Plaintiffs contend that the blood was a sale of goods by Blood Bank to the hospital and by the hospital to them. Defendants deny there were any sales and contend that the furnishing of blood was a service not bearing the warranties implied on a sale. Defendants rely on Perlmutter v. Beth David Hospital, 308 N.Y. 100, 123 N.E.2d 792 (1954), a 4-3 decision of the New York Court of Appeals denying recovery against a hospital for hepatitis contracted from transfusion of blood. The majority of the court held that the furnishing of the blood was not a sale but a part of the service rendered by the hospital, and that no warranty was implied. There was a vigorous and persuasive dissent by Judge Froessel, concurred in by Judges Conway and Dye.

Liability for harm resulting from the transferring of blood bearing the virus of hepatitis has been denied in many jurisdictions. In some of the cases defendants enjoyed charitable immunity from tort liability. However, the cases have generally accepted the view of the majority in Perlmutter that no sale was involved. See Sloneker v. St. Joseph's Hospital, 233 F. Supp. 105 (D. Colo. 1964); Gile v. Kennewick Public Hospital Dist., 48 Wash.2d 774, 296 P.2d 662, 59 A.L.R.2d 761 (Sup. Ct. 1956); Koenig v. Milwaukee Blood Center, Inc., 23 Wis.2d 324, 127 N.W.2d 50 (Sup. Ct. 1964); Dibblee v. Dr. W.H. Groves Latter-Day Saints Hospital, 12 Utah 2d 241, 364 P 2d 1085 (Sup. Ct. 1961); Goelz v. J.K. and Susie L. Wadley Research Institute, 350 S.W.2d 573 (Tex. Civ. App. 1961); Whitehurst v. American National Red Cross, 1 Ariz. App. 326, 402 P.2d 584 (Ct. App. 1965); Balkowitsch v. Minn. War Memorial Blood Bank, Inc., 270 Minn. 151, 132 N.W.2d 805 (Sup. Ct. 1965).

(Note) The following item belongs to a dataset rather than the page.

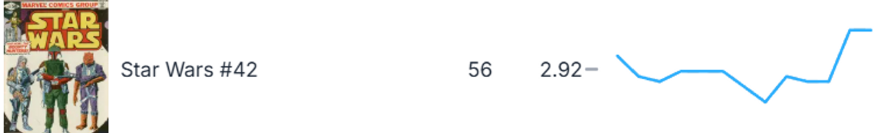 The first comic book appearance of Boba Fett – and Yoda’s first full appearance – had been spiraling downward for a while, so it’s nice to see at least a little upward movement. And it’s up despite declines in the average price in the 9.8 and 9.4 grades. The 8.0 through 9.2 grades all saw increases, the most impressive of which was the 8.5 grade, which climbed roughly $80 in average selling price. It’s too soon to say if this issue has hit rock bottom, unfortunately. The increase is far too modest to make any assumptions about future trends.

Perlmutter has been questioned and criticized in 103 U.Pa.L. Rev. 833 (1954-5); 18 Okla. L. Rev. 104 (1965); *322 37 Notre Dame L. Rev. 565 (1962); Farnsworth, "Implied Warranties of Quality in Non-Sales Cases," 57 Col. L. Rev. 653 (1957); 69 Harv. L. Rev. 391 (1955); 29 St. John's L. Rev. 305 (1955); 42 Minn. L. Rev. 640 (1958); Gottsdanker v. Cutter Laboratories, 182 Cal. App.2d 602, 6 Cal. Rptr. 320, 79 A.L.R.2d 290 (App. Ct. 1960).

Florida has rejected Perlmutter as applied to a blood bank. Russell v. Community Blood Bank, Inc., 185 So.2d 749 (D. Ct. App. 1966), affirmed in this respect sub nom. Community Blood Bank, Inc. v. Russell, 196 So.2d 115 (Fla. Sup. Ct. 1967); Hoder v. Sayet, 196 So.2d 205 (Fla. D. Ct. App. 1967).

In Magrine v. Krasnica, 94 N.J. Super. 228 (Cty. Ct. 1967), Judge Lynch said:

"It is doubtful that New Jersey would follow Perlmutter, at least insofar as it holds that a `sale' was not involved or that such description of the transaction is necessary to establish strict liability. See cases cited, supra. Perhaps a more valid ground for the decision is the majority's secondary consideration that, because it is impossible to avoid some portion of hepatitis strain in blood used for transfusion, strict liability should not be applied." (at p. 237)

Magrine did not involve a blood transfusion and this statement was dictum. There appears to be no other case in New Jersey dealing with the subject.

In the Uniform Commercial Code as adopted in New Jersey effective January 1, 1963, at N.J.S. 12A:2-106, a sale is defined as follows: "A `sale' consists in the passing of title from the seller to the buyer for a price." The reference is to the sale of goods defined in N.J.S. 12A:2-105(1) as follows:

"(1) `Goods' means all things (including specially manufactured goods) which are movable at the time of identification to the contract for sale other than the money in which the price is to be paid, investment securities (Chapter 8) and things in action.